Education not Taxation to Combat the Complex Issue of Obesity
The Canadian Beverage Association agrees that obesity is a complex health issue. We feel that the solutions to this issue lie in education and in offering Canadians the tools and products necessary to help make informed decisions and choices. We do not agree that the solution lies in advocating the punitive taxation of specific products such as beverages.
No one single food or beverage can be held responsible for weight gain. In fact, the Canadian government looked at fats, carbohydrates, protein and fibre in the diet and concluded that “it is not what you eat, but rather, how much – the total number of calories consumed – that significantly contributes to obesity”.
“The Canadian Beverage Association feels that focusing on a declining source of calories in Canadians’ diets is a misguided approach that distracts from meaningful solutions that promote healthier diets overall, as well as increased physical activity,” said Jim Goetz, President, Canadian Beverage Association. “Given that the beverage industry offers a wide variety of hydration options including no and low calorie beverages, we feel that this is a tax grab disguised as a public policy recommendation.”
The 2011 Statistics Canada report, Food Statistics identified that between 1999 and 2011 consumption of soft drinks in Canada decreased by 32% yet at the same time obesity rates in Canada continued to rise. These two points negate any perceived link between the two.
Statistics Canada’s 2004 Canadian Community Health Survey – Nutrition, showed that soft drinks and fruit drinks account for less than 3.9% of the calories in the average Canadian’s diet (soft drinks alone 2.5% and fruit drinks 1.4%). That means over 96% of Canadian’s calories come from other sources. Given the decline in soft drink consumption in the past eleven years and the growing availability of no and low calorie beverages, that number is well below 2%.
Canadian research shows that 87% of Canadians feel that the government should be educating the public about changing their behaviour, not taxing them . The Canadian Beverage Association and its members have undertaken a number of concrete and meaningful actions to responsibly market their products and help promote healthy active lifestyles.
- In February 2011, the industry launched Clear on Calories, a front of pack caloric labeling initiative designed to help Canadians understand the caloric content and serving size of the beverages they were choosing. This initiative is currently rolling out across the country.

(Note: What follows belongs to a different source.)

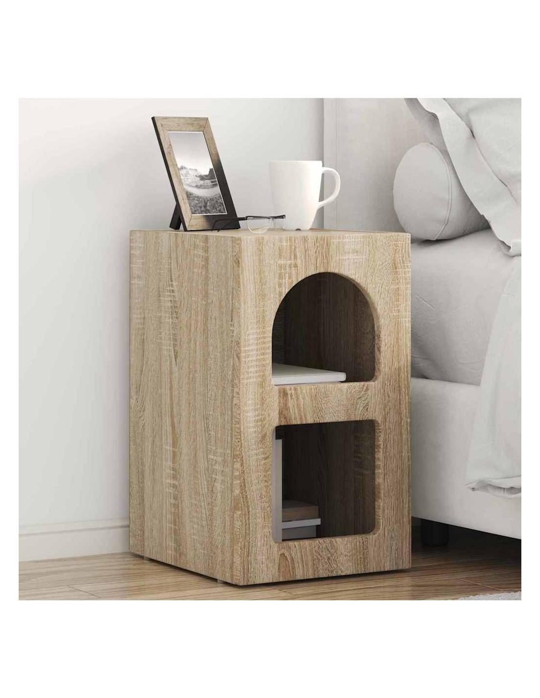 - Costruzione in legno ingegnerizzato: Robusto e resistente all'usura quotidiana, questo comodino mantiene il suo aspetto nel tempo senza aver bisogno di troppa manutenzione, perfetto per lampade e sveglie.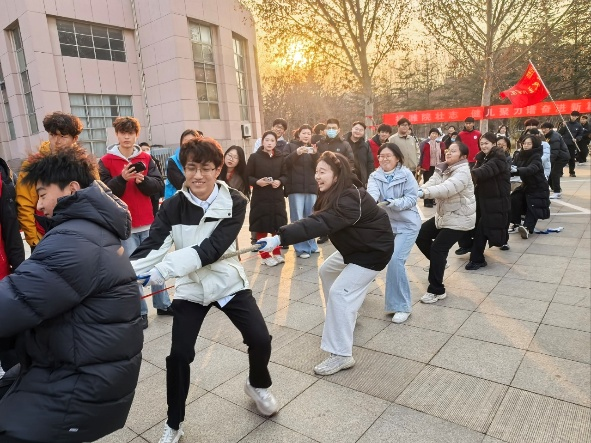 为纪念“一二・九”抗日救亡运动90周年,传承红色基因与爱国精神,引导学生挺膺担当,12月9日,潍坊学院2025年纪念“一二・九”运动大学生拔河比赛在行政楼后广场举行。马克思主义学院积极组织学生参与,在多轮激烈角逐中脱颖而出,最终荣获比赛三等奖。

- To further provide parents with more control over what their children consumed throughout the day our members introduced Industry Guidelines for the Sale of Beverages in Schools. Completed in 2009, this commitment removed all soft drinks and provided water and 100% juice in elementary and middle schools. It also removed full-calorie soft drinks from secondary schools and capped caloric content and portion sizes. Energy drinks are not, nor have they ever been, sold by our members in schools.
Marketing of Beverages in Canada
- Canadian Beverage Association members have committed to global marketing standards that prevent marketing of beverages – other than fruit juice, milk and water – in paid programming targeted to children under the age of 12. In addition, many beverage companies participate in the Canadian Children’s Food and Beverage Advertising Initiative, which further limits marketing to children.